My coteacher (we currently have 8 babies in the infant room of the preschool we work at) is on Mounjaro after getting diagnosed with Type 2 Diabetes earlier this year, and honestly she never really ate all that much before really, but she did treat herself to Starbucks white mocha Frappuccinos here and there and now she has no appetite to drink them. The side effects have been tough on her stomach, and it just doesn’t seem like she’s able to enjoy the little treats as much (we tend to get candy around the holidays from parents).
I had an eating disorder that started when I was 11 (and I did talk to my first therapist in grad school about a lot of the residual issues that go with that despite having “recovered” after a relapse at age 22), so I am very aware of my relationship with food.
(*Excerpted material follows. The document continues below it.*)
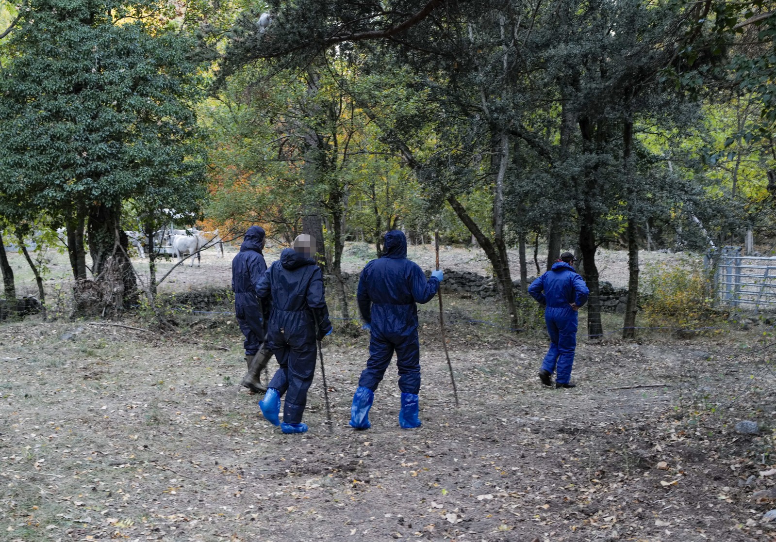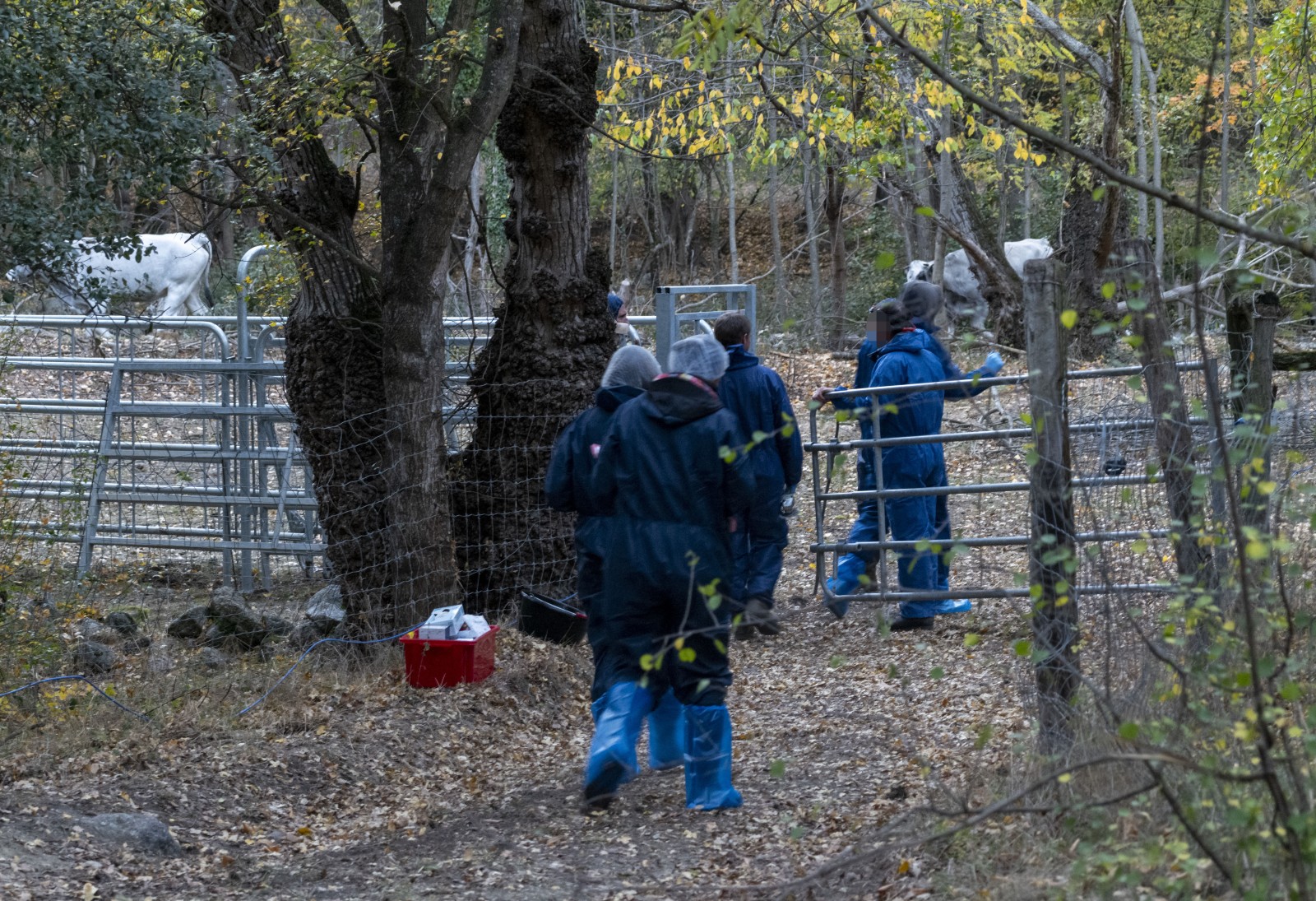FRANCE/THUES entre VALLS(66°ELEVAGE) EPIDEMIE/ Les organisations agricole en particulier le Confederation Paysanne s'opposent a l'abattage systématique du troupeau. l'Abattaage aura bien lieu à la tombee de la nuit. Des techniciens des services veterinaires mettent en place le dispositif d'abattage. © Georges BARTOLI / Divergence-images.com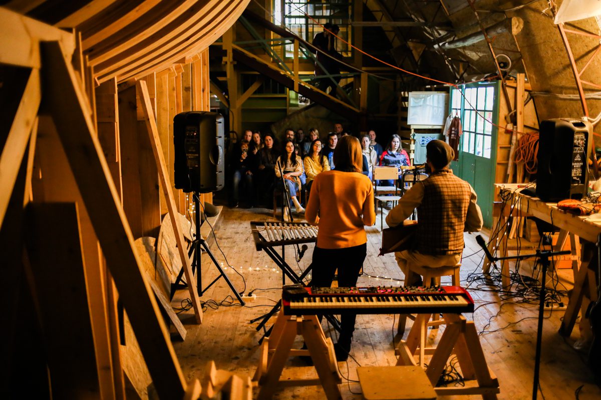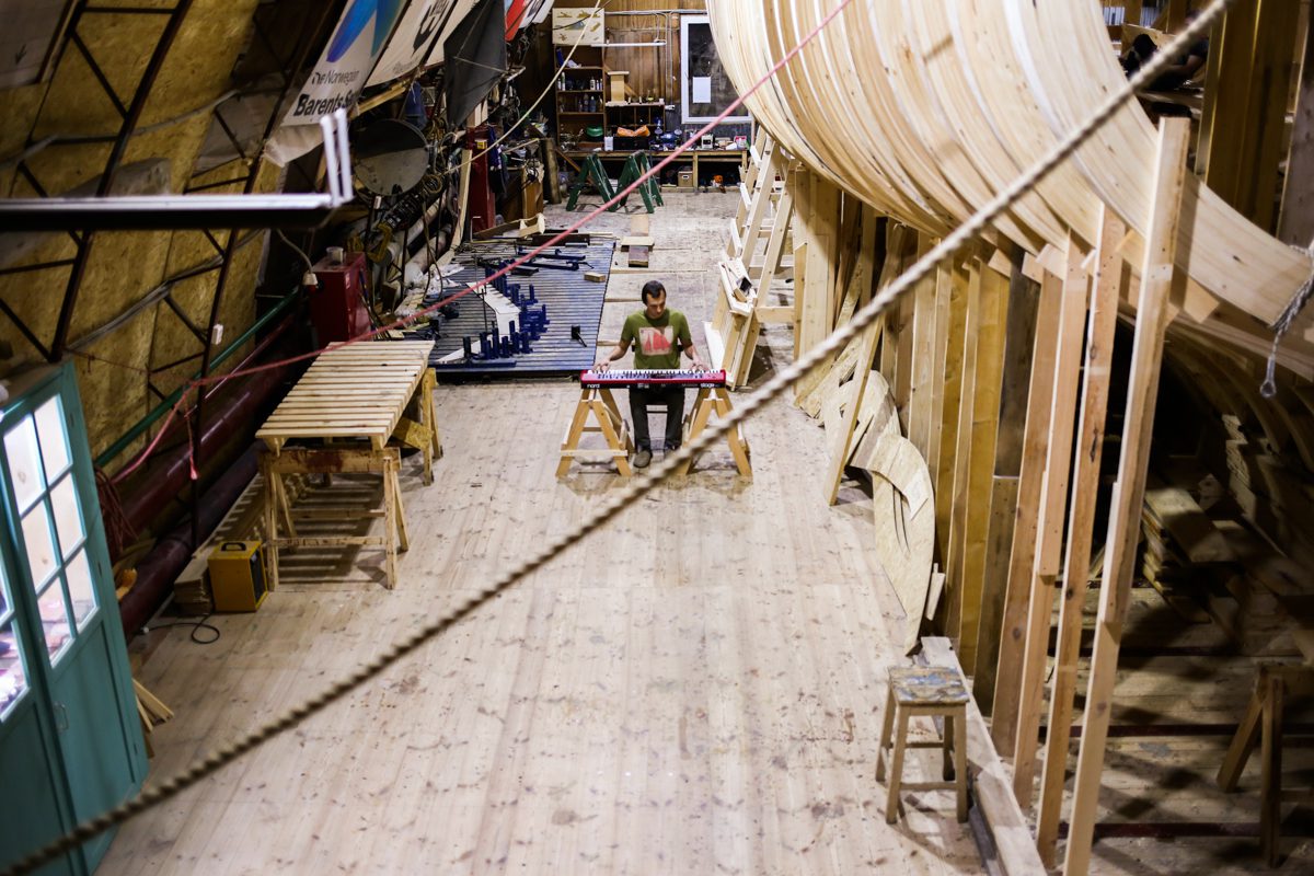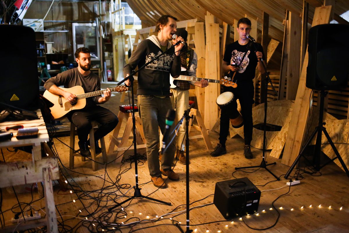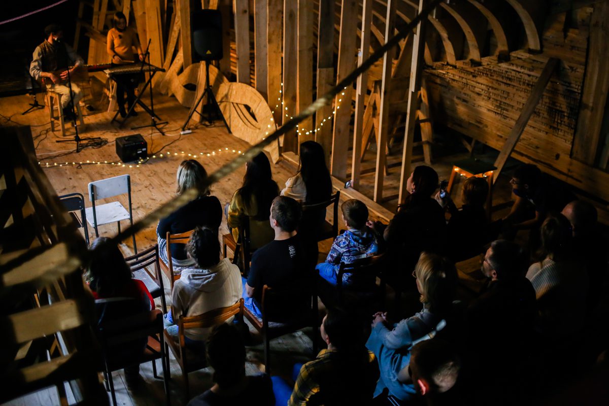 К вечеру прибрались на верфи и устроили концерт: дуэт Кокора и мультиинструменталист Сергей Власов. А после него Миша, Миша, Андрей и Дима устроили поздний джем – для самых стойких слушателей.

I tend to want to restrict food when I am anxious and feel out of control, but I also want to treat myself when I feel bad (it’s not a coincidence that I gained back some of the weight I had lost postpartum after I started going to Starbucks more when I couldn’t sleep after I had a second miscarriage when my daughter was 1.5- my miscarriage was a missed miscarriage so it took nearly two months before it resolved). I am extremely aware of my relationship with food, but I also refuse to let diet culture make me feel like it’s wrong to have treats sometimes. I mostly eat what’s provided at school, and my husband cooks the majority of our dinners (my sister-in-law also has clients she meal preps for, and since she lives down the street we get some of her extra leftovers too). My 5 year old daughter is always watching me and listening to everything I say so I am extremely careful about how I talk about my body and eating- she talks about listening to her body so I know something is sinking in.